Flashcards in Stats & Test Construction Deck (60):

1

## Type I error

###
Mistakenly rejecting the null hypothesis when it's true

Alpha

2

## Type II error

###
Mistakenly retaining the null hypothesis when it is false

Beta

3

## Discriminant analysis

### Technique in multivariate statistics that describes differences between 2+ groups on a set of measures or that classifies subjects into groups based on a set of measures

4

## Threats to internal validity

### Maturation, history, instrumentation, statistical regression, selection, attrition/mortality, interaction w/ selection

5

## Ways to control threats to internal validity

### Random assignment, within-subjects designs, blocking, matching subjects, ANCOVA

6

## Threats to external validity

### interaction b/t testing & treatment, interaction b/t selection & tx, reactivity, multiple tx interference (order/carryover effects)

7

## Ways to control external validity

### Random sampling, naturalistic/field research, single or double-blind designs, counterbalance

8

## What are some ways to increase power?

### Increase alpha, increased N, increase effect size, decrease error, use powerful statistics, one-tailed if possible

9

## What percentage of scores on the normal curve fall between +/- 1 SD, +/- 2 SD, +/- 3 SD?

###
68%

95%

99%

10

##
What percentiles are equivalent to the following z-scores?

-3

-2

-1

1

2

4

###
0.1 = -3

2 = -2

16 = -1

84 = 1

98 = 2

99.9 = 3

11

## Factors affecting test reliability

### Test characteristics (length, item type, item homogeneity, influence of guessing), sample characteristics (sample size, range, variability), extent of test clarity

12

## Sources of error in internal reliability

### Content sampling, heterogeneity of content domain

13

## Sources of error in test-retest reliability

### Time-sampling factors

14

## Which type of reliability is best for speed tests?

### Alternate forms

15

## Sources of error in inter-rater reliability

### Factors related to raters (motivation, biases), characteristics of measuring device, consensual observer drift

16

## Dimensions of relevance in item analysis

###
1) Content appropriateness (item assesses bx domain the test is intended to evaluate)

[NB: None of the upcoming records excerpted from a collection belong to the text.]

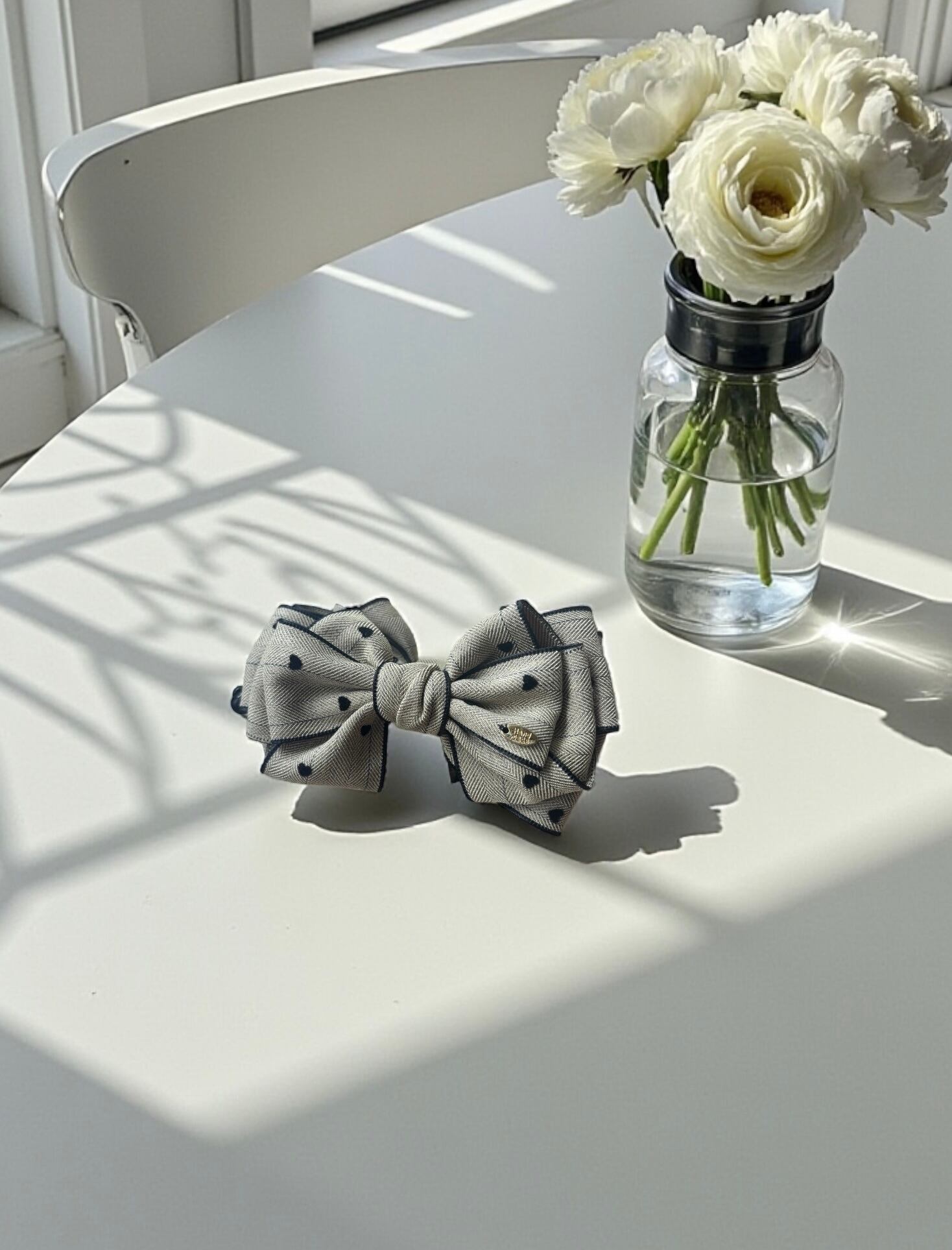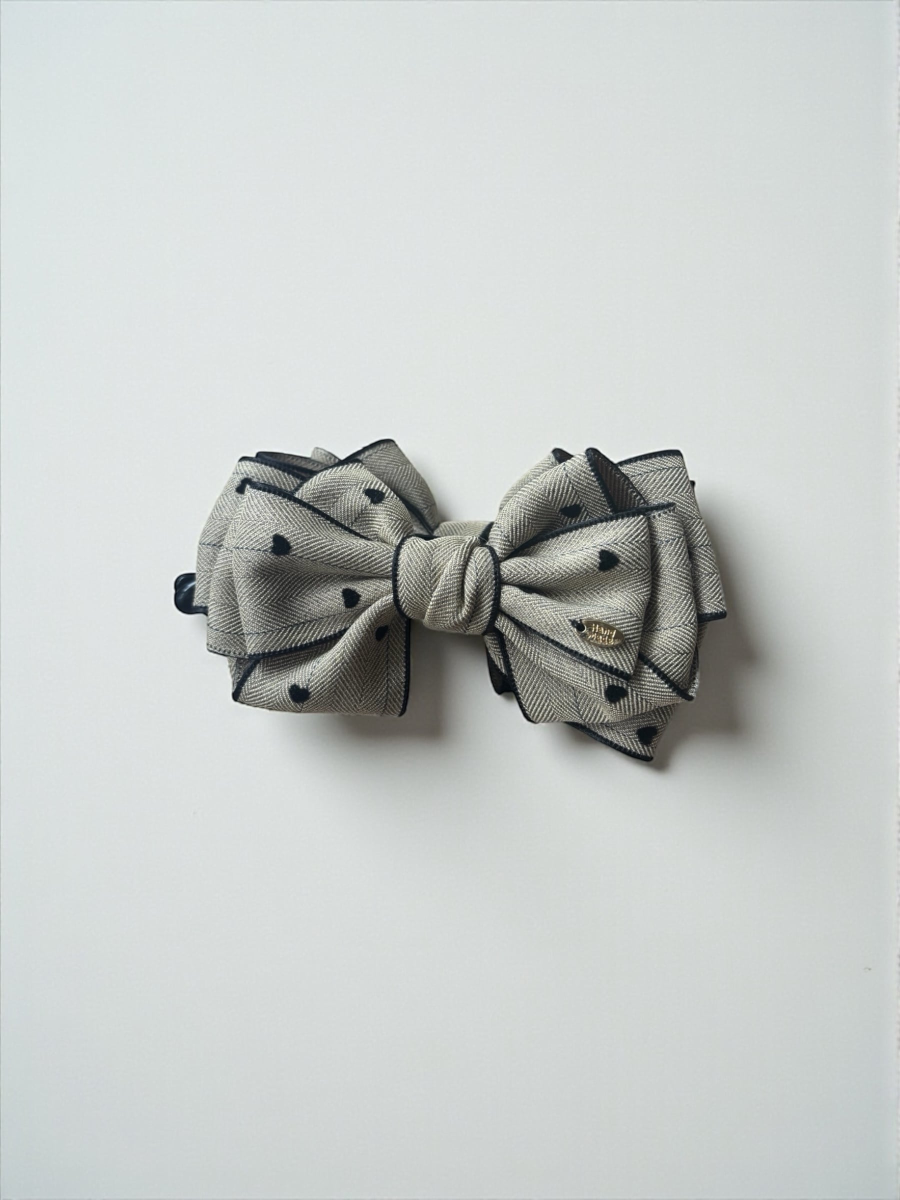 ■ chicsweet バナナクリップ ベージュ ファブリックリボン×ブラックハート|シックで可愛らしいヘアアクセサリー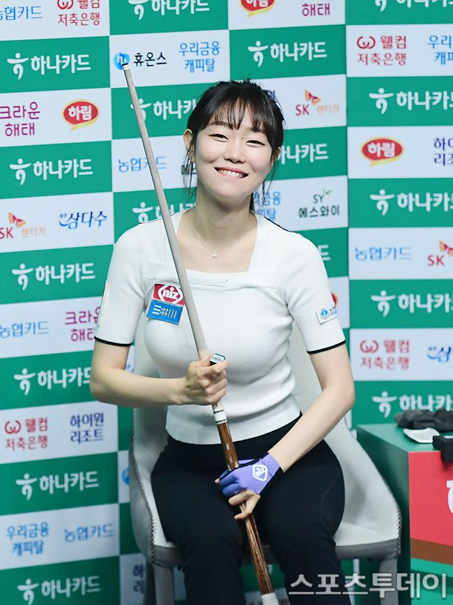 [고양(경기)=스포츠투데이 권광일 기자] 2025-2026 시즌 LPBA 2차 투어 '하나카드 LPBA 챔피언십' 결승전 경기가 6일 경기 고양시 킨텍스 PBA스타디움에서 열렸다. 김보라가 결승 경기에서 미소를 짓고 있다. 2025.07.06. [스포츠투데이 권광일 기자 sports@stoo.com]이 기사의 카테고리는 언론사의 분류를 따릅니다.0공유하기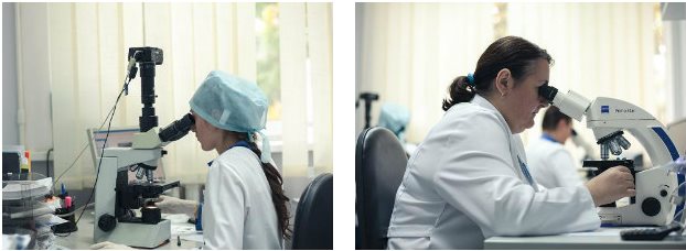 Рис.12. Лікарі-цитологи переглядають препарати під мікроскопом і видають висновки цитологічного дослідження.

2) Taxonomic level (does item reflect appropriate cognitive or ability level of population intended for)

3) Extraneous abilities (to what extent are knowledge or skills needed that is outside the domain being evaluated)

17

## Item difficulty

### The %age of people who get an item correct

18

## Item discrimination

###
Extent an item differentiates between those who get a high vs. low score

.35 or more is acceptable

19

## Item response theory

### Tests based on examinee's level on the trait being measured vs total test score

20

## Reliability coefficient

###
Proportion of variability in obtained test scores that reflects true score variability

Never squared to interpret

21

## Standard error of measurement (SEM)

### An index of the amount of error that can be expected in a person's obtained scores due to the unreliability of the test

22

## What qualitative evidence do you look for in a task that has good content validity?

###
Coefficient of internal consistency will be large

Test will correlate highly with other tests of the same domain

Pre- and post-test evals of the program designed to increase familiarity with domain will indicate appropriate changes

23

## Orthogonal rotation

### Resulting factors are uncorrelated; attribute measured by one factor is independent from the attributes measured by the other factor

24

## Oblique rotation

### Resulting factors are correlated & attributes measured by the factors are not independent

25

## What is the Rosenthal/Pygmalion effect?

### Tendency for participant's performance to be effected by the expectations of the tester

26

## What is the Hawthorne effect?

### Tendency of subjects to behave differently when they are in a research study

27

## What is the most common measure for internal test reliability?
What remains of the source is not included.